Start of Block
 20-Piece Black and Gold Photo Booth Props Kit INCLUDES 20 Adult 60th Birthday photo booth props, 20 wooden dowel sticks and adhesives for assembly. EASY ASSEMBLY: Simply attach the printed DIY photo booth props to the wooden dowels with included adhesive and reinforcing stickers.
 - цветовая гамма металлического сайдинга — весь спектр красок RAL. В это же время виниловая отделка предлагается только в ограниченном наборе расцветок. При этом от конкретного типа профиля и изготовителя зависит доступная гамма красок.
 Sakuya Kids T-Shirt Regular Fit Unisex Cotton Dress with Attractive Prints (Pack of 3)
End of Block
Start of Block
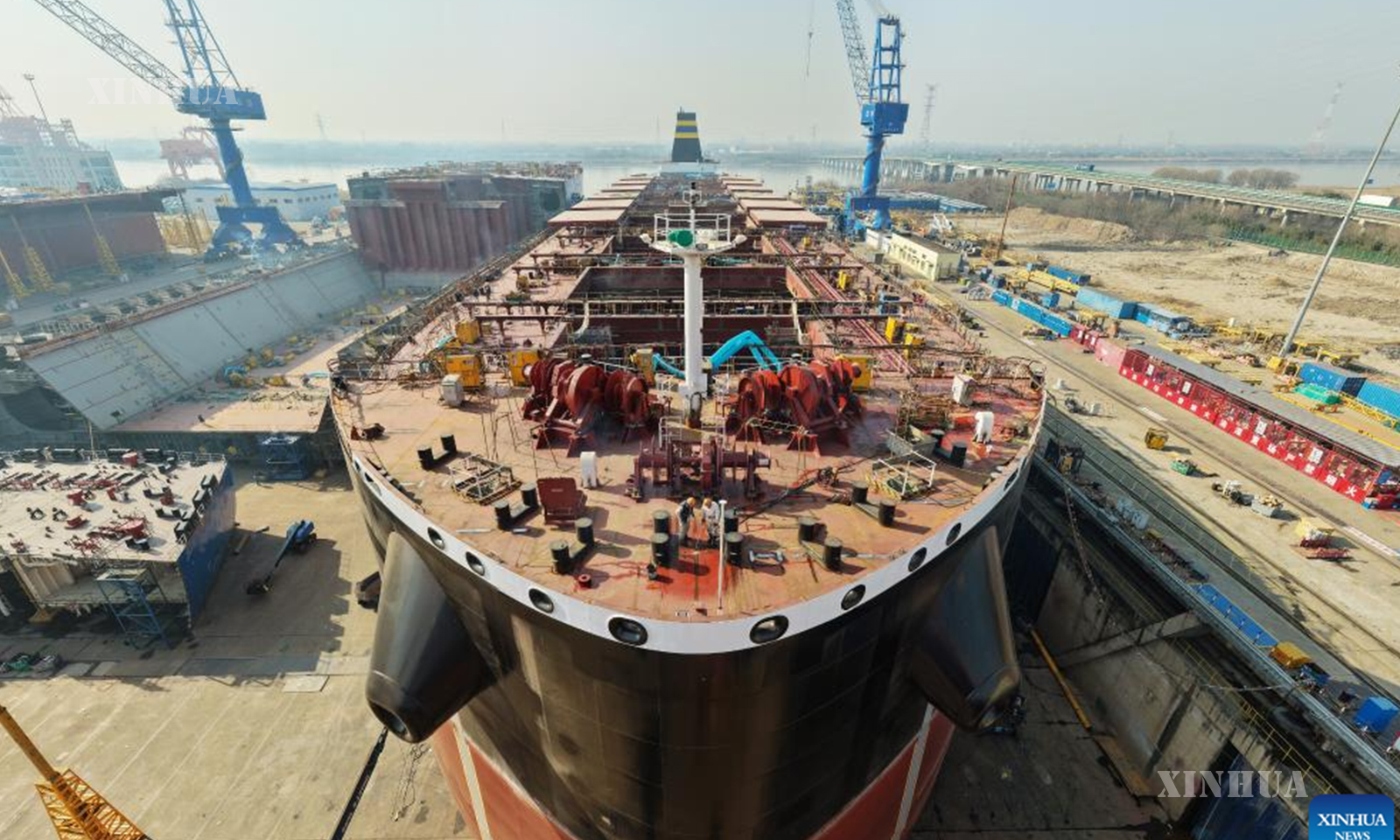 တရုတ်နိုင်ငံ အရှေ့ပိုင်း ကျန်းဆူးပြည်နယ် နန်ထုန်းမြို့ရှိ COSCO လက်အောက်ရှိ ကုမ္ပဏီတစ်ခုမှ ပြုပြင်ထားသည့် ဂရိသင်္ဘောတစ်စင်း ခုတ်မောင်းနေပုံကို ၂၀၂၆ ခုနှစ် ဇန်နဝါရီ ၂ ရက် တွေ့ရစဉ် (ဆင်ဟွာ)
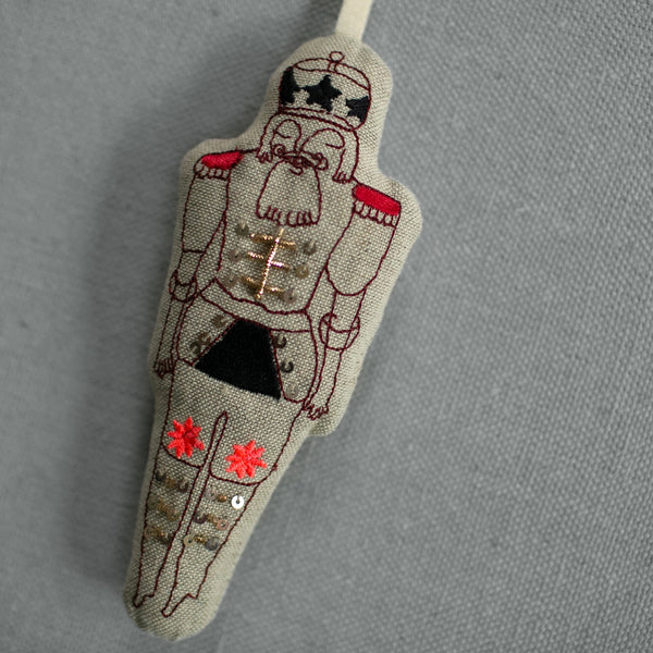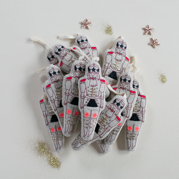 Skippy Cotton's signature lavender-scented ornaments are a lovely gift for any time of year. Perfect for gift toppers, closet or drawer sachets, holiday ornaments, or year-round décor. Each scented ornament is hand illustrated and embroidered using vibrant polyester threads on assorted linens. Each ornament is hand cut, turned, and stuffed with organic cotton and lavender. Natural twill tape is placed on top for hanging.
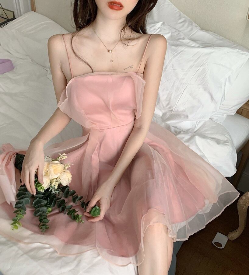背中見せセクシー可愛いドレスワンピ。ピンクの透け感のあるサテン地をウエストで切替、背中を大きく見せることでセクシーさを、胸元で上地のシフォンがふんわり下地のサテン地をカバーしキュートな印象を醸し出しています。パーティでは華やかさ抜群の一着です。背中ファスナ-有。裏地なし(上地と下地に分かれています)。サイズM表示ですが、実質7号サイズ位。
End of Block
Instructions to follow » Give back exactly the lines of the listing above from the one that contains "Skippy Cotton's signature" up to and including the one that contains "背中見せセクシー可愛いドレス", but not the pictures, and no other lines.

Answer space »
 Skippy Cotton's signature lavender-scented ornaments are a lovely gift for any time of year. Perfect for gift toppers, closet or drawer sachets, holiday ornaments, or year-round décor. Each scented ornament is hand illustrated and embroidered using vibrant polyester threads on assorted linens. Each ornament is hand cut, turned, and stuffed with organic cotton and lavender. Natural twill tape is placed on top for hanging.
背中見せセクシー可愛いドレスワンピ。ピンクの透け感のあるサテン地をウエストで切替、背中を大きく見せることでセクシーさを、胸元で上地のシフォンがふんわり下地のサテン地をカバーしキュートな印象を醸し出しています。パーティでは華やかさ抜群の一着です。背中ファスナ-有。裏地なし(上地と下地に分かれています)。サイズM表示ですが、実質7号サイズ位。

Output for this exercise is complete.